# PROVIDED INFORMATION
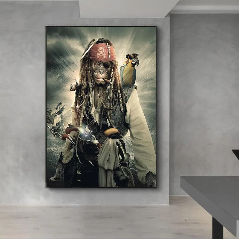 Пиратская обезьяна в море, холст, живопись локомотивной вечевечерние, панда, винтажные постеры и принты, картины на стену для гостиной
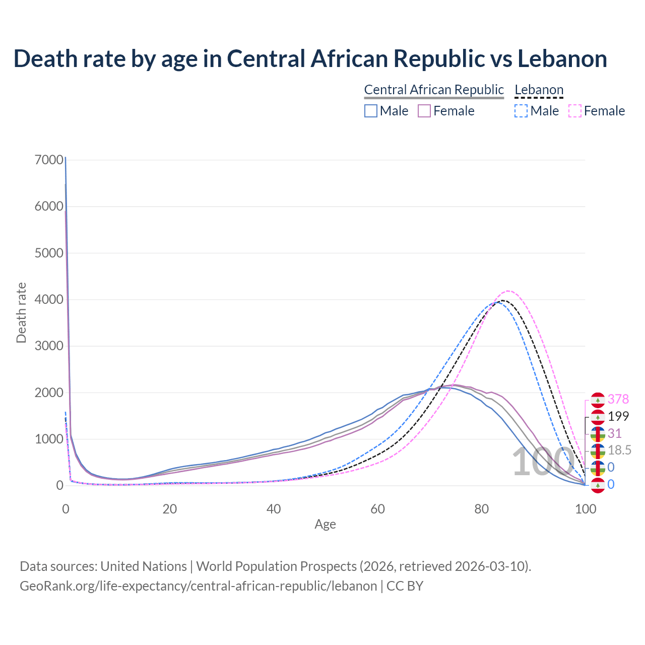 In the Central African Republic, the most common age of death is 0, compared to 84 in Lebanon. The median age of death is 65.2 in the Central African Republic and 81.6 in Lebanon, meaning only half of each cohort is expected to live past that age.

==

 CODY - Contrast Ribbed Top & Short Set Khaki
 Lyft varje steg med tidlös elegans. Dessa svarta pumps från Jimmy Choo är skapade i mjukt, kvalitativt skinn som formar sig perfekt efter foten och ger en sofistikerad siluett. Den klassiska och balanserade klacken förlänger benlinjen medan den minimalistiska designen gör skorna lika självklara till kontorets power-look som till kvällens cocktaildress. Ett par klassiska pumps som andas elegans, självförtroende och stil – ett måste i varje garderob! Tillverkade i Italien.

# WORK REQUEST
Give again the stretch of the entries above that begins at the line with "Пиратская обезьяна в" and ends at the line with "In the Central African Republic, the", word for word, with no pictures.

# RESULT FOR THIS TASK
 Пиратская обезьяна в море, холст, живопись локомотивной вечевечерние, панда, винтажные постеры и принты, картины на стену для гостиной
 In the Central African Republic, the most common age of death is 0, compared to 84 in Lebanon. The median age of death is 65.2 in the Central African Republic and 81.6 in Lebanon, meaning only half of each cohort is expected to live past that age.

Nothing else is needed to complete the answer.